**The task**
Please restate the records that follow word for word, omitting any images.
***** Records to use *****
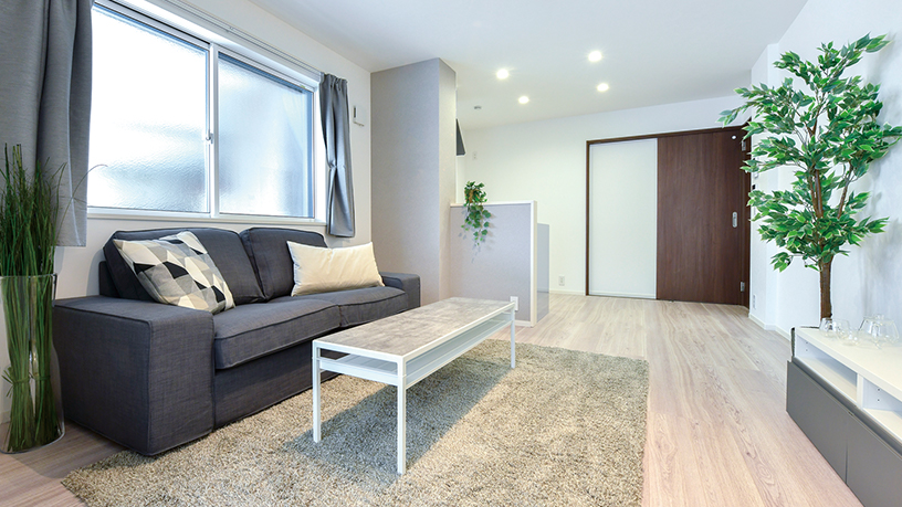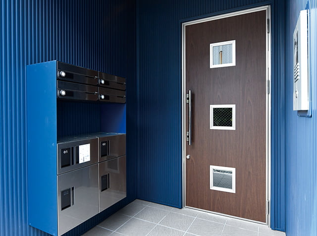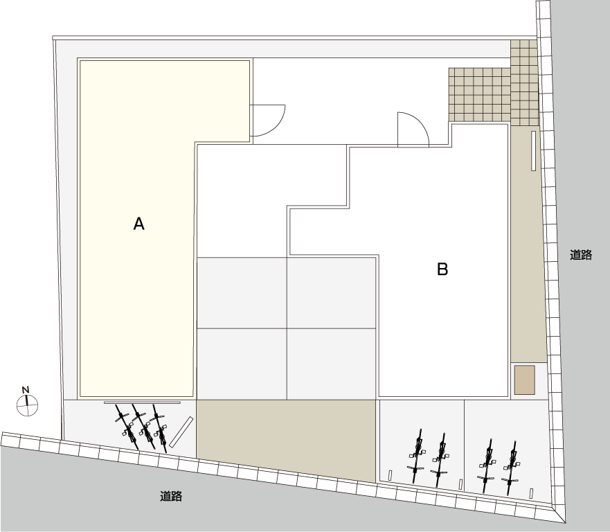 代々受け継がれている大切な土地に、オーナー様のご自宅と1LDK4戸の賃貸を確保した併用住宅。前面の道路が広い南向きの立地を活かしながら、オーナー様と入居者の導線を分け、敷地内には駐輪スペースも設置しました。
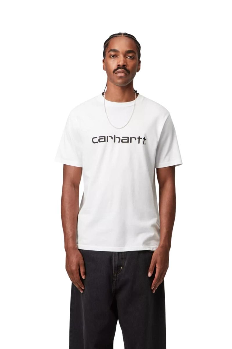 Camiseta para hombre Carhartt WIP Script blanca con logotipo de texto clásico de Carhartt color negro.
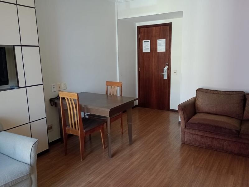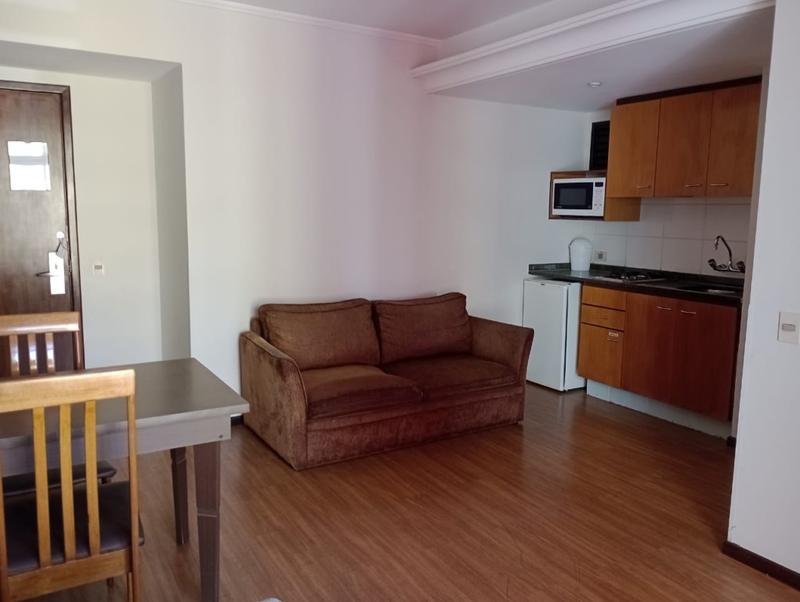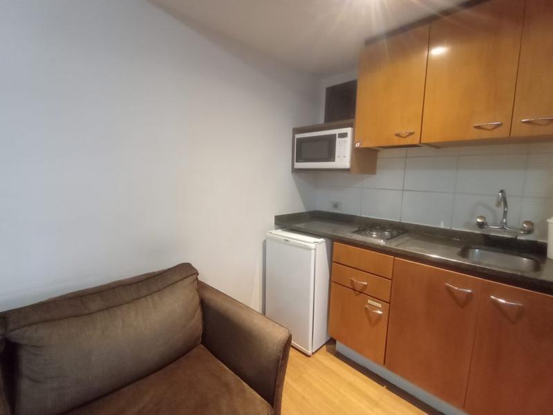 * Sala e cozinha conjugadas, com sofá, mesa e 02 cadeiras, frigobar, microondas e ar condicionado.
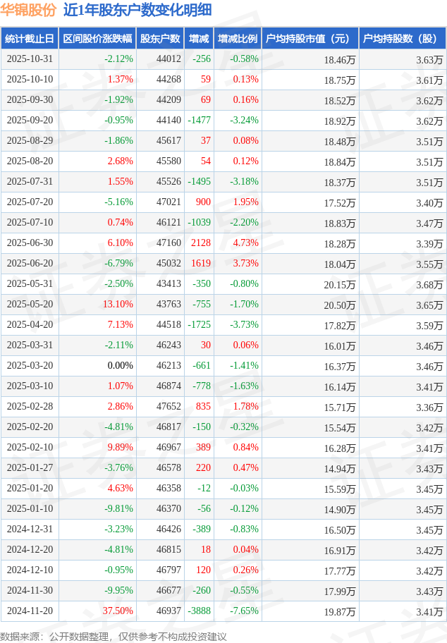 从股价来看,2025年10月10日至2025年10月31日,华锦股份区间跌幅为2.12%,在此期间股东户数减少256.0户,减幅为0.58%。
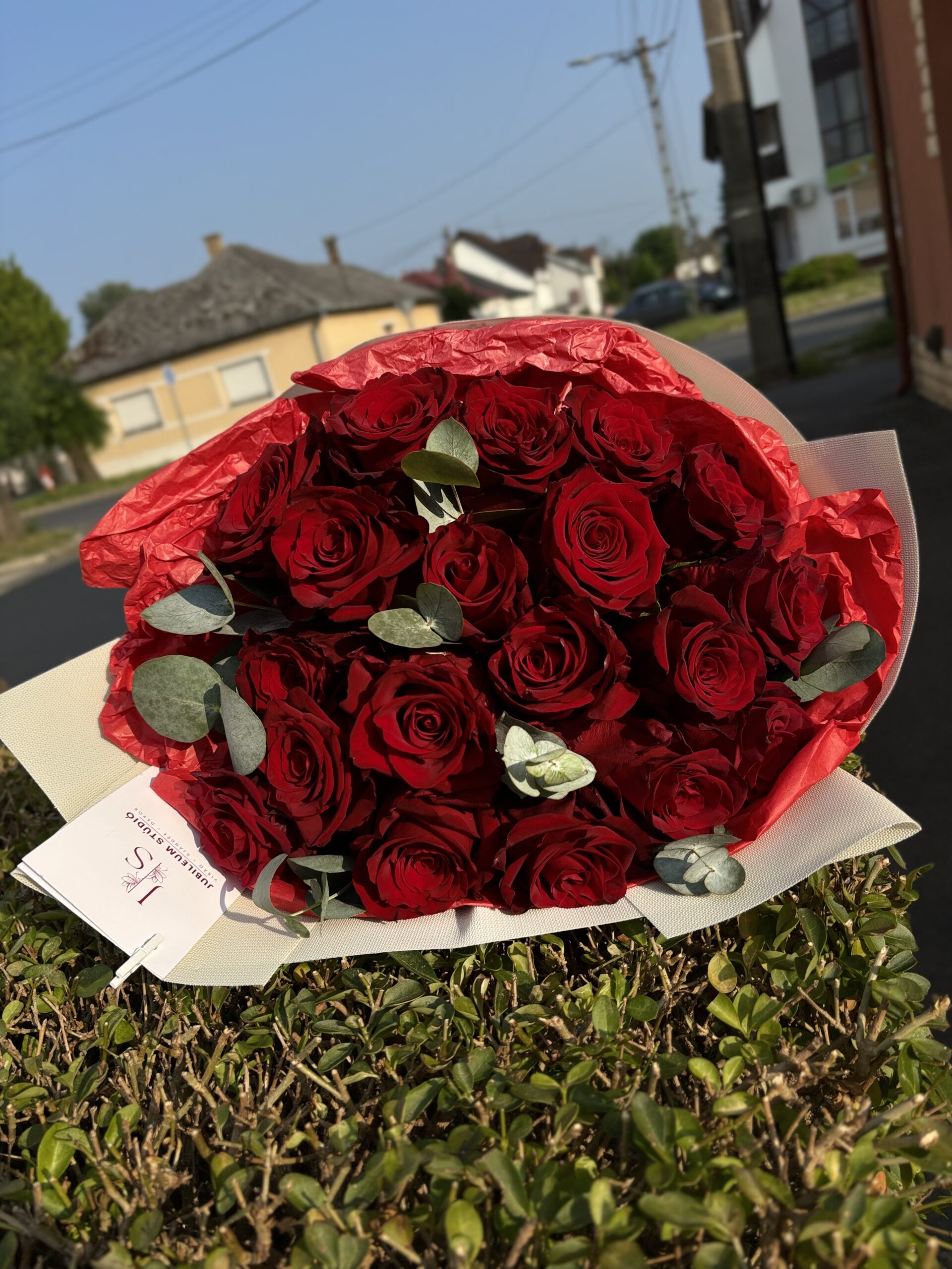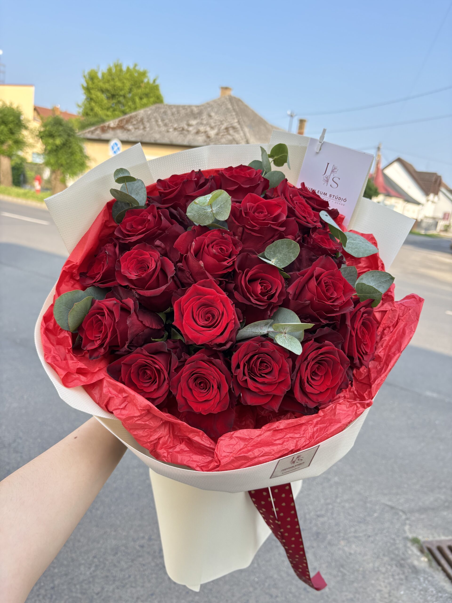 Egy örök klasszikus! Ez a vörös rózsákból készült, elegáns csokor tökéletes választás szerelmeseknek, ünnepi alkalmakra vagy amikor egyszerűen csak szeretnél lenyűgözni valakit.
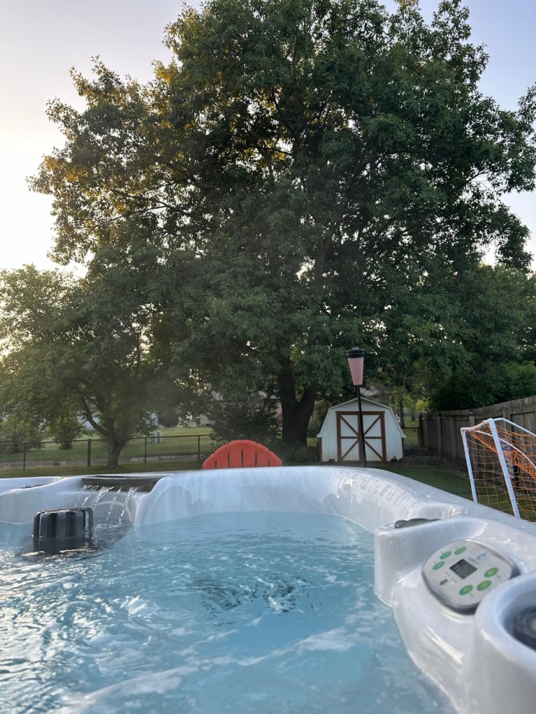 The weather has cooled off enough that the hot tub is sounding really good again. So I jumped in there early Saturday morning for a while:
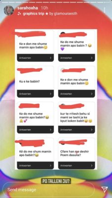 Në llogarinë e saj, Sara Hoxha ka vendosur së fundmi të bëjë një “ask question” për ndjekësit. Këta të fundit kanë pasur mundësinë të pyesin Poem, megjithatë një prej pyetjeve më të përsëritura dhe që i ka bërë shumë përshtypje Sarës ka qenë ajo se cilin nga prindërit do më shumë Poem.
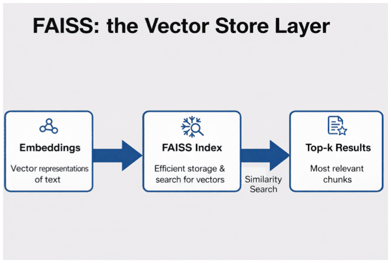 Figure 4: FAISS serves as a high-performance bridge between embeddings and retrieval logic, performing similarity search to return top-k relevant chunks efficiently (source: image by the author).
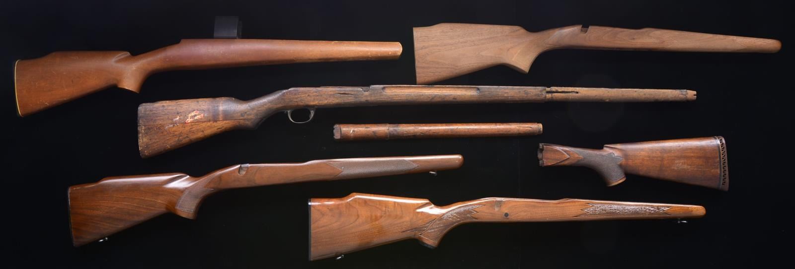 DEMONSTRATION STOCK. 1) WINCHESTER MODEL 70 PRE 64 MONTE CARLO STOCK. Checkered walnut w/ sling swivels & original checkered plastic buttplate. CONDITION: very good original finish showing sm. dents & marks. 2) WINCHESTER PRE 64 MODEL 70 MONTE CARLO STOCK. Checkered black walnut. Cut to approx. 1" shorter than standard length w/ no buttplate included. CONDITION: stripped & lightly sanded ready for finishing showing some light marks. 3) WINCHESTER POST 64 MODEL 70. Monte Carlo cheekpiece w/ pressed checkering, sling swivels , red "W" steel grip cap & checkered steel buttplate. CONDITION: original finish shows wear spots w/ scattered scratches & handling marks. 4) JAPANESE ARISAKA STOCK & HANDGUARD. For approx. 28" bbl. Includes trigger guard. CONDITION: dark worn appearance w/ numerous dents, scratches & handling marks. Having sm. cracks at front of forearm. 5) STEVENS SXS TENITE STOCK REPLACEMENT. American walnut w/ contrasting grip cap & hand checkering. Overall length from action to end of aftermarket pad 15 5/8". CONDITION: finish shows light wear. Pad has hole for through bolt attachment. 6) SCOPE DEMONSTRATION STOCK. Monte Carlo cheekpiece of walnut construction w/ rubber scope holding block on top. Overall length to Bishop buttplate 32 1/4". CONDITION: lightly worn finish showing numerous scratches & marks. (02-14081 (6) /DS). $250-500.
*****
**Response to this exercise**
 代々受け継がれている大切な土地に、オーナー様のご自宅と1LDK4戸の賃貸を確保した併用住宅。前面の道路が広い南向きの立地を活かしながら、オーナー様と入居者の導線を分け、敷地内には駐輪スペースも設置しました。
 Camiseta para hombre Carhartt WIP Script blanca con logotipo de texto clásico de Carhartt color negro.
 * Sala e cozinha conjugadas, com sofá, mesa e 02 cadeiras, frigobar, microondas e ar condicionado.
 从股价来看,2025年10月10日至2025年10月31日,华锦股份区间跌幅为2.12%,在此期间股东户数减少256.0户,减幅为0.58%。
 Egy örök klasszikus! Ez a vörös rózsákból készült, elegáns csokor tökéletes választás szerelmeseknek, ünnepi alkalmakra vagy amikor egyszerűen csak szeretnél lenyűgözni valakit.
 The weather has cooled off enough that the hot tub is sounding really good again. So I jumped in there early Saturday morning for a while:
 Në llogarinë e saj, Sara Hoxha ka vendosur së fundmi të bëjë një “ask question” për ndjekësit. Këta të fundit kanë pasur mundësinë të pyesin Poem, megjithatë një prej pyetjeve më të përsëritura dhe që i ka bërë shumë përshtypje Sarës ka qenë ajo se cilin nga prindërit do më shumë Poem.
 Figure 4: FAISS serves as a high-performance bridge between embeddings and retrieval logic, performing similarity search to return top-k relevant chunks efficiently (source: image by the author).
 DEMONSTRATION STOCK. 1) WINCHESTER MODEL 70 PRE 64 MONTE CARLO STOCK. Checkered walnut w/ sling swivels & original checkered plastic buttplate. CONDITION: very good original finish showing sm. dents & marks. 2) WINCHESTER PRE 64 MODEL 70 MONTE CARLO STOCK. Checkered black walnut. Cut to approx. 1" shorter than standard length w/ no buttplate included. CONDITION: stripped & lightly sanded ready for finishing showing some light marks. 3) WINCHESTER POST 64 MODEL 70. Monte Carlo cheekpiece w/ pressed checkering, sling swivels , red "W" steel grip cap & checkered steel buttplate. CONDITION: original finish shows wear spots w/ scattered scratches & handling marks. 4) JAPANESE ARISAKA STOCK & HANDGUARD. For approx. 28" bbl. Includes trigger guard. CONDITION: dark worn appearance w/ numerous dents, scratches & handling marks. Having sm. cracks at front of forearm. 5) STEVENS SXS TENITE STOCK REPLACEMENT. American walnut w/ contrasting grip cap & hand checkering. Overall length from action to end of aftermarket pad 15 5/8". CONDITION: finish shows light wear. Pad has hole for through bolt attachment. 6) SCOPE DEMONSTRATION STOCK. Monte Carlo cheekpiece of walnut construction w/ rubber scope holding block on top. Overall length to Bishop buttplate 32 1/4". CONDITION: lightly worn finish showing numerous scratches & marks. (02-14081 (6) /DS). $250-500.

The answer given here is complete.